I was going to write this post yesterday, but as we all know life gets a little crazy sometimes and we can't get everything we want done in a day. Seriously the last two weekends have been super busy and I haven't even had a chance to blog about them yet. We celebrated D's 30th birthday on the 14th along with a close friends wedding and this past weekend we were thrown a surprise birthday by our parents and many many family members came out to celebrate with us! It was so great! I just need to get the photo's so I can share about it with you!
A little teaser! |
Anyways, back to today's post and it's another Coffee and Conversations post. The question at hand is: "How important is social approval to you?"
Lets get straight to the bare bones here. I think social approval is important to everyone. We are social creatures by nature and like to live in packs. We have family dynamics that range based on our locations, but the thing that remains the same is always being near to our loved ones and core group. With me, as I age I look at social approval very differently then I did when I was a kid or teenager. In high school I was awkwardly shy, and continue to be that way. This made me not have a lot of friends, but the core group that I had were very close and dear to me. I still am friends with some of those people today. Once out of high school I determined that it was very important to be socially accepted. With the invention of social media outlets it became a game to see how many "friends" you could acquire. These people aren't really your friends, just a way to increase your social reach. I have since this time done several 'cleaning' bursts on all social media to clear out these people because it's just not necessary to have that in my life.
Social acceptance also lies in the media. Being that you have to dress a certain way, or look a certain way, or weigh a certain amount to be accepted. Being that I live in the Los Angeles Metro area, I see this a lot. We compare ourselves constantly with others and the keeping up with the Jones' mentality is turning us into a materialistic, self-centered society. I hate it! Why can't we be who we are meant to be. I can't say that I am not guilty of being envious of others, how they dress or carry themselves. But I have learned to accept who I am, and those things that I find as shortcomings are usually only in my head. Other's don't see them. Frankly if other's wanted to point out my shortcomings and gossip about me, that is fine. I am who I am and I am not going to change for a social aspect.

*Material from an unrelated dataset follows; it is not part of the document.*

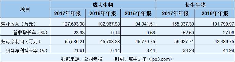 此外,2017年,長(zhǎng)生生物營(yíng)業(yè)收入和凈利潤(rùn)增幅相對(duì)較快,規(guī)模首次超過(guò)成大生物。

In my life now, I am doing just that. Learning to accept who I am as a whole person. Loving my body (self-conscious), loving my personality, and just hoping that those people who are in my life can accept the fact that's who I am. Do I still need social approval? I guess in a way. I do write this blog and love when I see a new follower or comment. But I don't write this space for acceptance. I write it for me. I need approval from a select few in my life and those that I have chosen do. I accept them for who they are. I am constantly trying to improve myself and when I get constructive criticism, I make sure to apply it in my daily life. This is the best I can do. Just to constantly improve and look towards the future! I am so grateful to all my readers and those of you who accept who I am, and love to read what I write! Thank you for always being there!